Review: Darlingside sometimes soars on inconsistent album
Darlingside, "Extralife" (Thirty Tigers/More Doug Records)
Not everything Darlingside does turns to gold, and yet the stylistic quartet out of Massachusetts doesn't sound like anybody else.
On its latest release, "Extralife," the band continues down an utterly original path through an inconsistent 12-track set. The style is a melding of folk, chamber pop, baroque, progressive and indie rock that defies labeling. The lyrics sometimes veer into pretentiousness, more so than on the group's breakthrough 2015 release, "Birds Say," and some of the melodies are cloying.
But there also are moments of great majesty.
Some of the band's influences lie near the surface. Its members surely played the Beach Boys' "Pet Sounds" on repeat until they mastered the four-part harmonies (they also might have absorbed some of the lyrical touches of that psychedelic era, the kind that sounded brilliant under the influence but later made no sense).

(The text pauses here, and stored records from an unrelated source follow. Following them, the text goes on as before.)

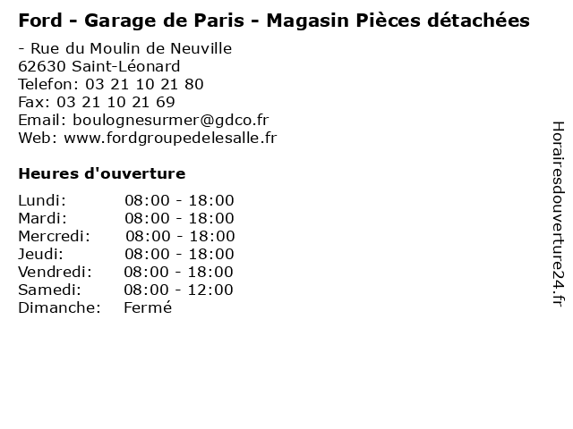 1 Ford - Garage de Paris - Service commercial (Distance: nan km) - Rue du Moulin de Neuville, 62630 Saint-Léonard commercial, de, ford, garage, paris, révisions, service, services, services d'automobiles 2 Ford - Garage de Paris - Véhicules d'Occasion (Distance: nan km) - Rue du Moulin de Neuville, 62630 Saint-Léonard d'occasion, de, ford, garage, paris, révisions, service, services, services d'automobiles, véhicules 3 Ford - Garage de Paris - Ford Entreprise (Distance: nan km) - Rue du Moulin de Neuville, 62630 Saint-Léonard de, entreprise, ford, garage, paris, révisions, service, services, services d'automobiles 4 Ford - Garage de Paris - Financement (Distance: nan km) - Rue du Moulin de Neuville, 62630 Saint-Léonard de, financement, ford, garage, paris, révisions, service, services, services d'automobiles 5 Magasin Doucet Vl (Distance: 0,44 km) 63 Boulevard de la Liane, 62360 Saint-Léonard accessoires, auto, doucet, magasin, outillage, pieces, vl, équipements 6 But - Magasin & Dépôt (Distance: 1,60 km) - Route Nationale 1, 62360 Isques ameublement, bureau, but, canapes, cuisine, decoration, déco, dépôt, et, magasin, maison, meubles, petit electro, sejour, équipement |
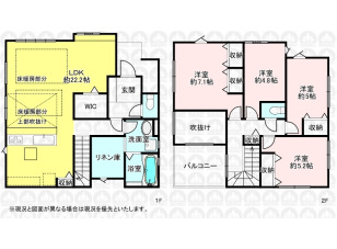 LDK22.7帖大の4LDK間取/カースペース2台(車種による)/南西側公道面/リビングイン階段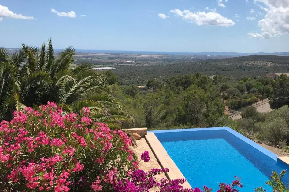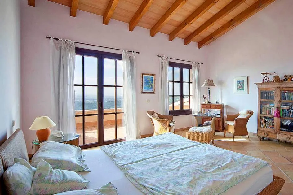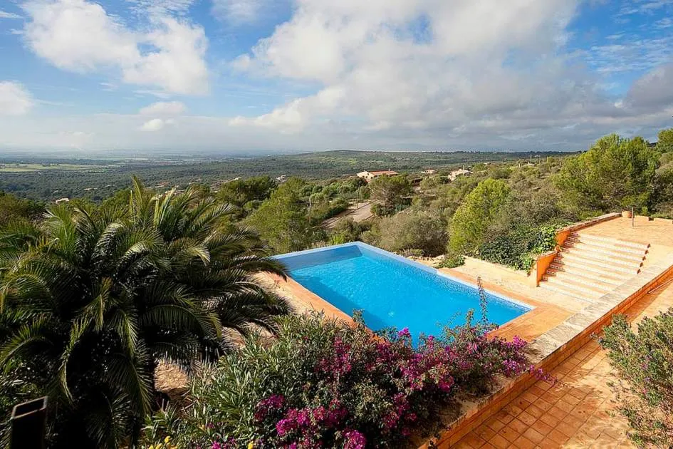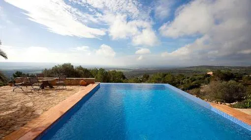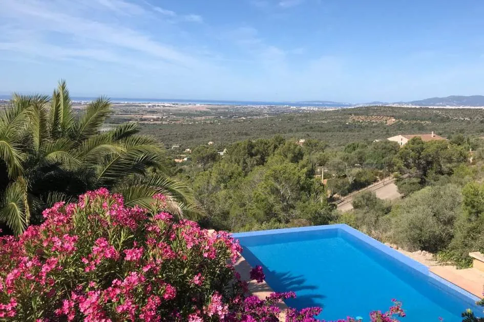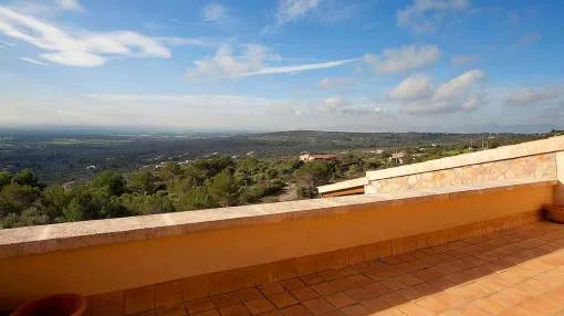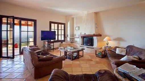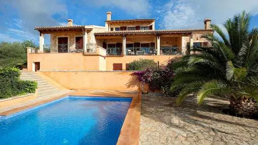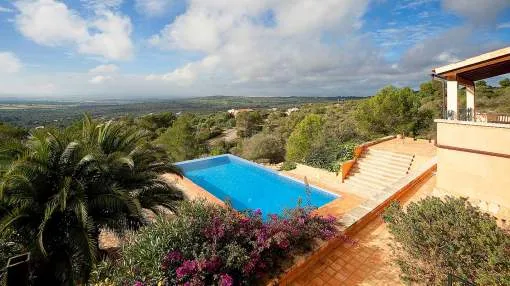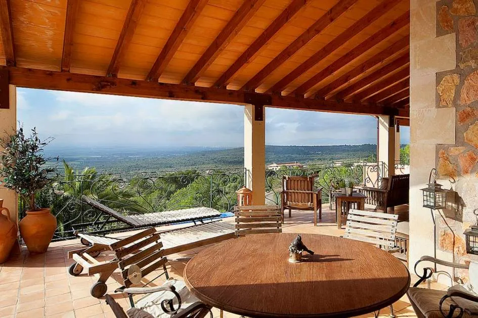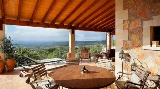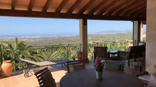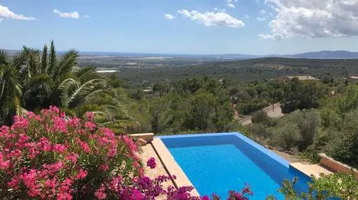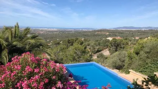 Großzügige Mallorca Villa im Landhausstil in der ruhigen Gegend von Puntiró, mit herrlichem Panoramablick bis zum Meer, ganz in der Nähe des Golfplatzes.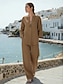 Naisten Puuvillaset liinavaatteet Housusarjat Pitkähihainen V kaula-aukko Yhtenäinen väri Muoti Katutyyli Kausaliteetti Päivittäin ulko- Sininen Valkoinen Ruskea Kesä Loose Fit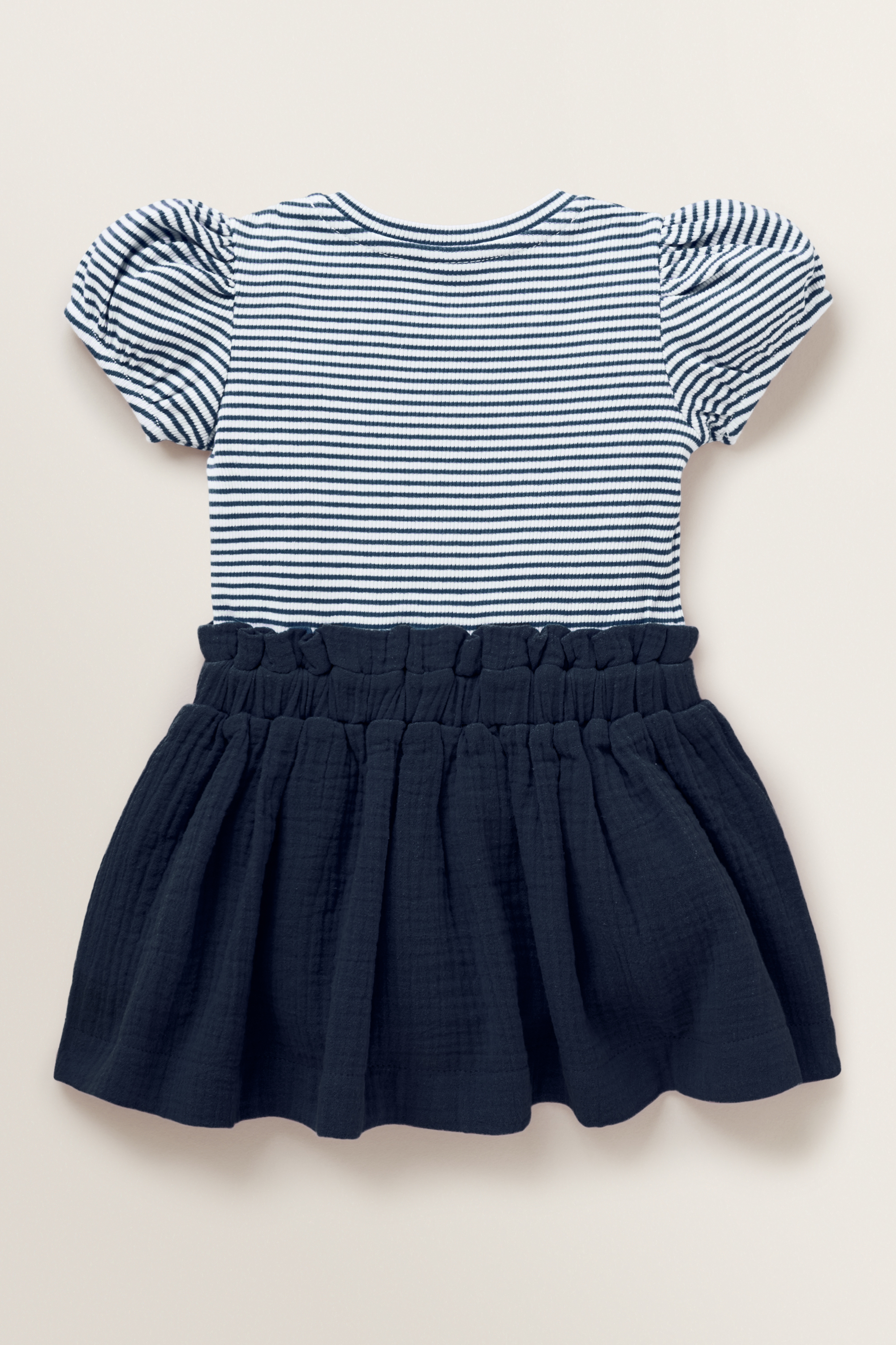 Detailed with a 100% cotton cheesecloth tiered skirt, this Splice Stripe Dress features a contrasting striped yardage tee, fitted with a round neckline, short puff sleeves and neat silhouette.
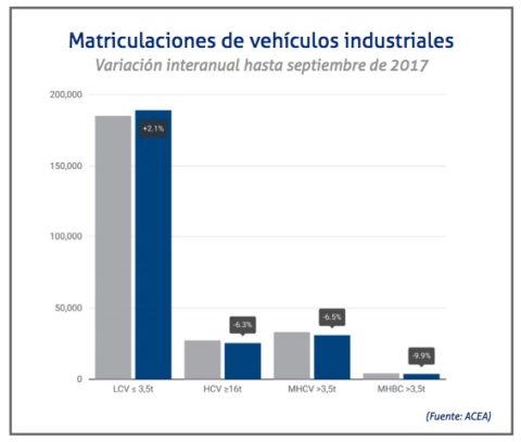 En el segmento de los vehículos industriales de más de 3,5 toneladas, se han registrado un total de 31.109 unidades matriculadas, un 6,5% menos que en septiembre de 2016. En todos los países, se ha registrado una disminución de la demanda.

But the sound is rooted in harmony, and when Darlingside gets it right and leaves the search for deeper meaning aside, the effect can be sublime. This happens more than once on "Extralife," especially on "Singularity" and "Hold Your Head Up High."
On the latter, the band lays seamless harmonies over an urgently simple acoustic guitar. When horns join the chorus as the song builds to a crescendo, it echoes the gentle, unfettered encouragement of the lyrics in a manner that will find a home on many a no-depression playlist.
So yes, the album suffers from inconsistency. But when it reaches up and grabs you, it soars.